Japan’s Zombie-Infested Stock Market

Japan’s stock market is experiencing irrational exuberance due to factors such as the high odds of a recession, China’s economic slowdown, and the Bank of Japan’s lack of confidence in the economy’s readiness for quantitative easing.

However, a new concern is the rise of zombie companies, which have risen from 30% to an 11-year high of around 250,000, or 17% of the total number of unsound companies. The pandemic played a role in this zombification, with the number of zombie firms increasing by nearly a third between 2021 and 2022.

The pandemic also exposed the unhealthy amount of skinny-dipping among Japan’s corporate chieftains, as seen in Warren Buffett’s famous observation that “only when the tide goes out do you discover who’s been swimming naked.” The Bank of Japan’s liquidity programs, particularly under Abe’s watch, helped keep the tide from going out, with Haruhiko Kuroda being appointed as BOJ governor in 2013. Kuroda quickly expanded the BOJ’s balance sheet to the point where it topped Japan’s US$4.7 trillion economy within five years. However, the BOJ’s hyper-aggressive policies have backfired in several ways.

Japan’s economy has been hit hard by the yen’s plunge, leading to high energy and food costs. The government’s prioritization of monetary easing over reforms has not convinced CEOs to raise wages, resulting in inflation rising faster than wages. The BOJ’s largesse has taken the responsibility of restructuring, innovation, and risk-taking off companies, who have largely relied on free cash from the BOJ. This has led to a rally in Japanese stocks, with the Nikkei trading near 34-year highs.
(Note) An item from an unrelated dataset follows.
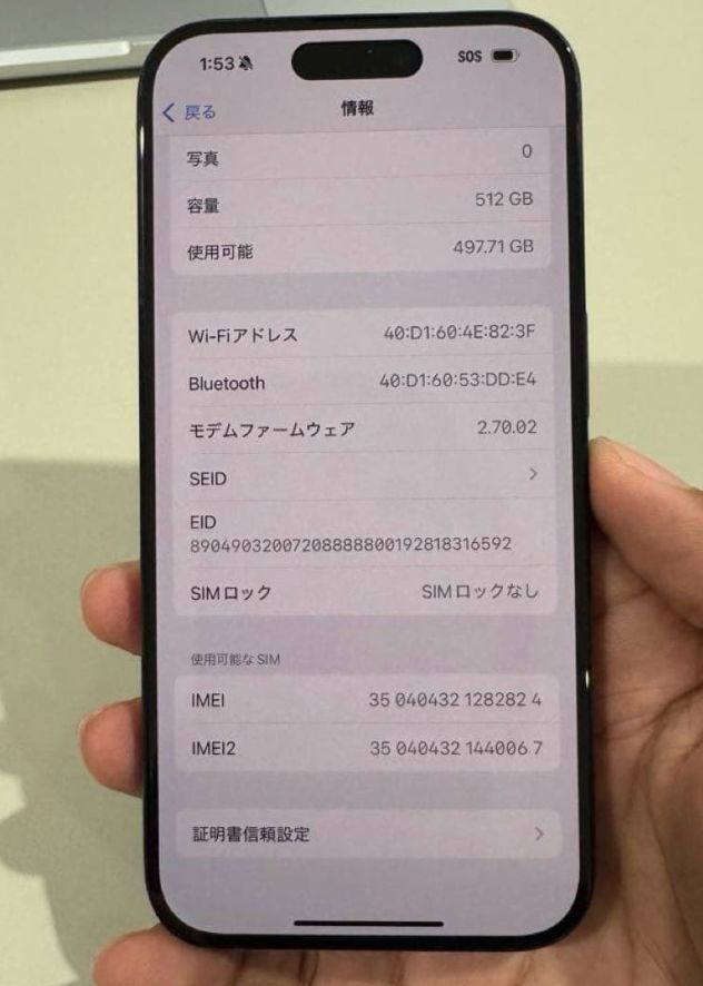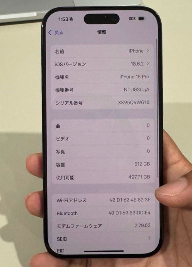 「」機種:iPhone 15 Pro 512GB。

The rally is partly due to Japan’s safe-haven status and efforts to strengthen corporate governance over the last decade.

The ruling Liberal Democratic Party passed a UK-like stewardship code in 2014 to increase returns on investment and encouraged companies to increase returns on equity. The Tokyo Stock Exchange (TSE) is now releasing a list of companies planning to boost capital efficiency to attract more overseas investors. Japan is entering a transformational decade, with structural change driven by new government mandates and the TSE optimizing capital allocation. The Nikkei 225 may reach 40,000 by mid-2024. However, it remains to be seen whether Japan has changed its ways in response to global funds’ excitement.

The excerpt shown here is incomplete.